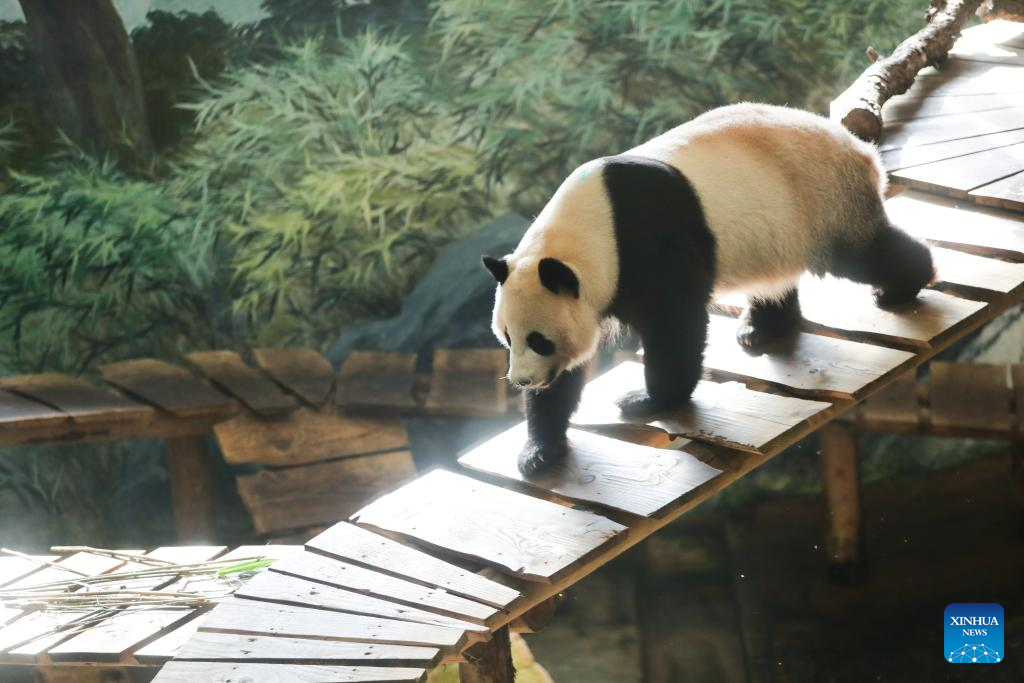 Giant panda Wu Wen walks after her daughter Fan Xing left at the Ouwehands Zoo in Rhenen, the Netherlands, Sept. 27, 2023. More than three years after Fan Xing was born at Ouwehands Zoo in Rhenen, the Netherlands, the giant panda cub received a festive farewell ceremony on Wednesday and left for China. (Xinhua/Zheng Huansong)
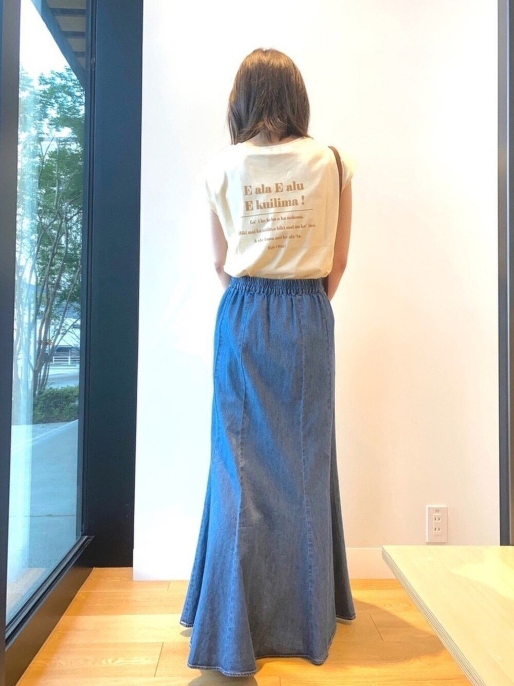 ide(URBAN RESEARCH COCOSA熊本)のスカート「デニムマーメイドスカート」を使ったコーディネート
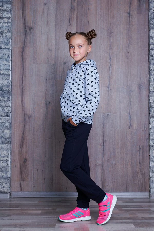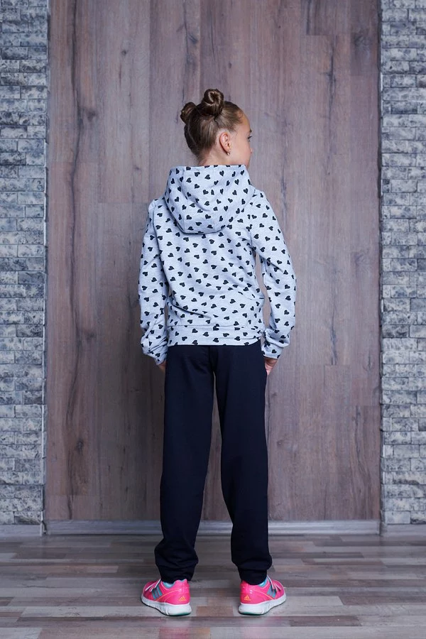 Спортивный подростковый костюм для девочек с капюшоном.Светло-серая кофта в горох с тёмно-синими штанами,отличного качества,материал-трикотаж двунитка.Этот костюм прекрасно подойдёт девочкам подросткам возрастом с 7 до 11 лет. Данную модель можно использовать как в повседневной жизни так и для активного занятия спортом на природе или в закрытом помещении.
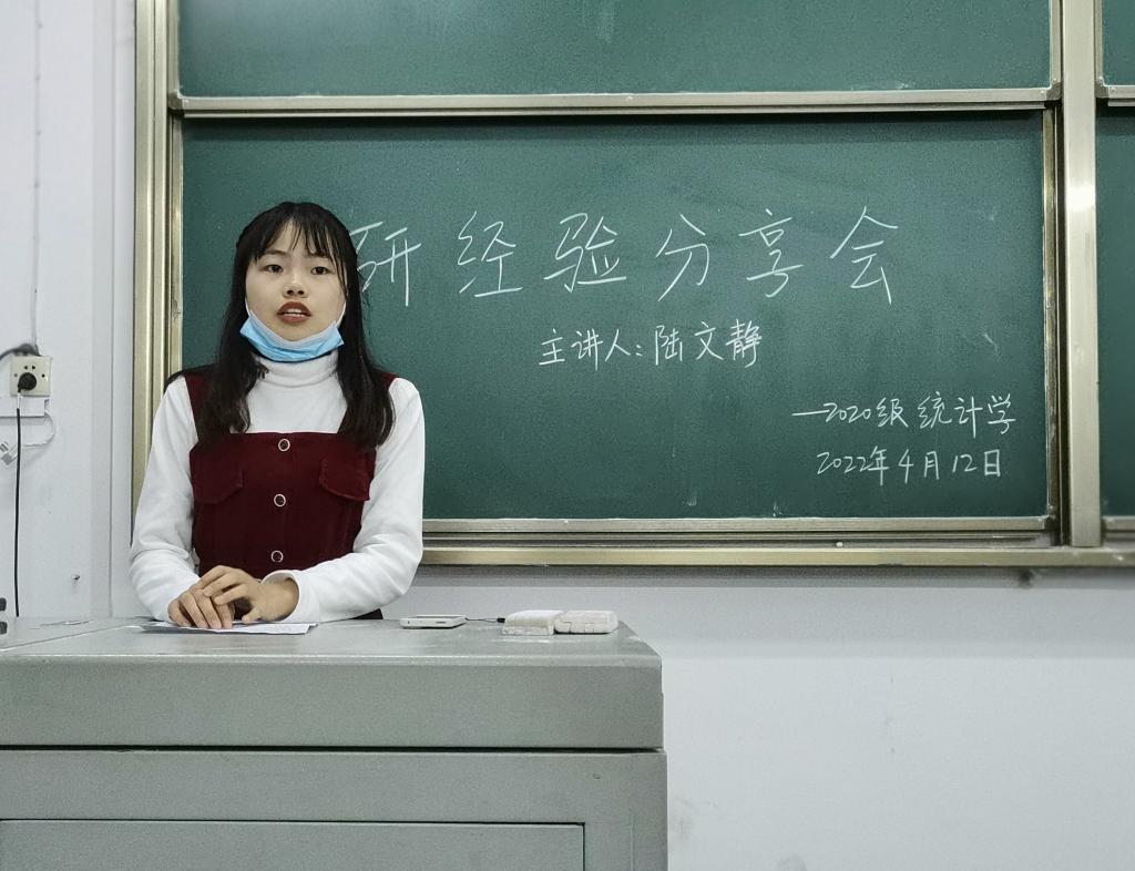 本网讯 (记者 何冰冰/文 何冰冰 刘丽文/摄)为进一步加强同学们对研究生考试的认识,增强考研信心和动力。4月12日及13日晚,我院20级统计学专业分别在3305、3203教室开展考研经验交流会。2018级统计学专业陆文静及信息与计算科学专业余文杰同学应邀分享各自的考研经验。本次交流会由2020级统计学专业班主任赵魁轩老师及班委会共同组织。
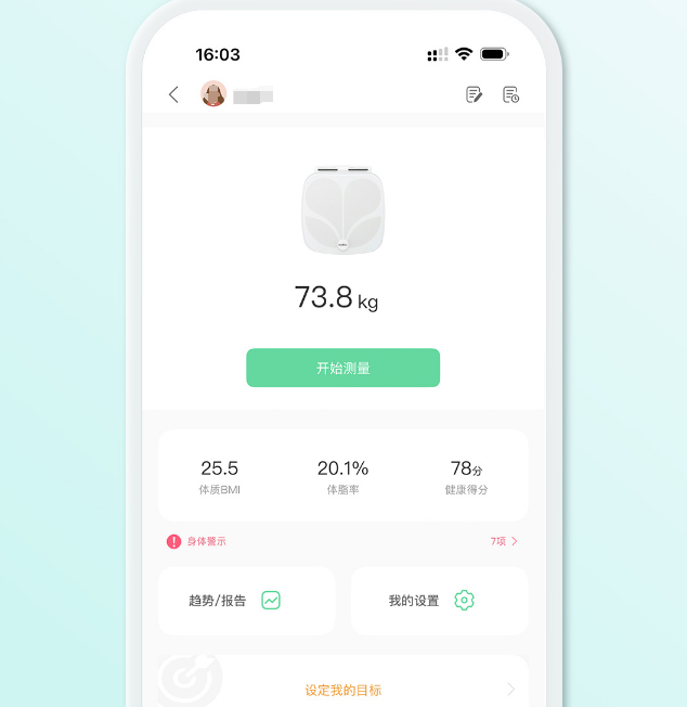 在连接体脂秤后,能快速测出体脂率、脂肪量、BMI等核心的数据,还能私人定制简单的饮食食谱和轻运动建议哦,贴合普通人的日常作息,不用刻意节食或高强度运动。除了体脂管理,还能记录健走、跳绳等日常运动,称重打卡也很方便!
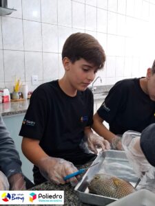 Os estudantes puderam observar de perto as características que permitem aos peixes viver na água, como a forma hidrodinâmica do corpo, a função das nadadeiras e, o mais fascinante, o mecanismo da respiração branquial. Profº Diego guiou a turma na identificação de diferentes tipos de escamas e na observação da linha lateral, despertando a curiosidade dos jovens cientistas sobre como os peixes se orientam e sobrevivem em seu ambiente. Foi uma aula dinâmica que transformou o conhecimento teórico em uma experiência real e concreta.
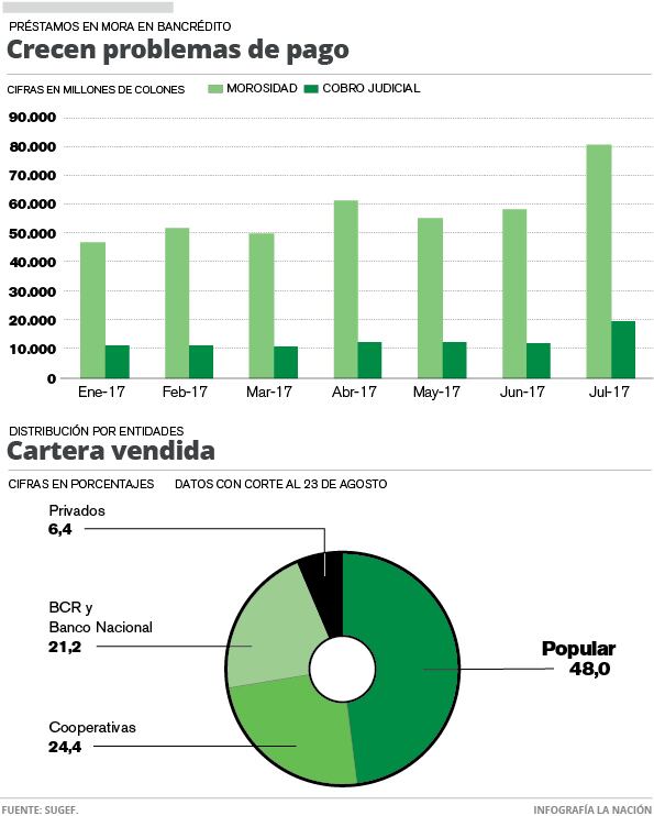 El caso de las operaciones en cobro judicial fue más drástico. El saldo de estos créditos ascendió a ¢19.104 millones en julio anterior, lo cual significó un alza del 62% frente al saldo de ¢11.803 millones en junio.

=====

- _EXERCISE REQUIREMENTS_:
Go to the line above that has "本网讯 (记者 何冰冰/文" and copy exactly from there down to the line that has "在连接体脂秤后,能快速测出体", both included. Leave the pictures out.

- _SOLUTION TO THIS TASK_:
 本网讯 (记者 何冰冰/文 何冰冰 刘丽文/摄)为进一步加强同学们对研究生考试的认识,增强考研信心和动力。4月12日及13日晚,我院20级统计学专业分别在3305、3203教室开展考研经验交流会。2018级统计学专业陆文静及信息与计算科学专业余文杰同学应邀分享各自的考研经验。本次交流会由2020级统计学专业班主任赵魁轩老师及班委会共同组织。
 在连接体脂秤后,能快速测出体脂率、脂肪量、BMI等核心的数据,还能私人定制简单的饮食食谱和轻运动建议哦,贴合普通人的日常作息,不用刻意节食或高强度运动。除了体脂管理,还能记录健走、跳绳等日常运动,称重打卡也很方便!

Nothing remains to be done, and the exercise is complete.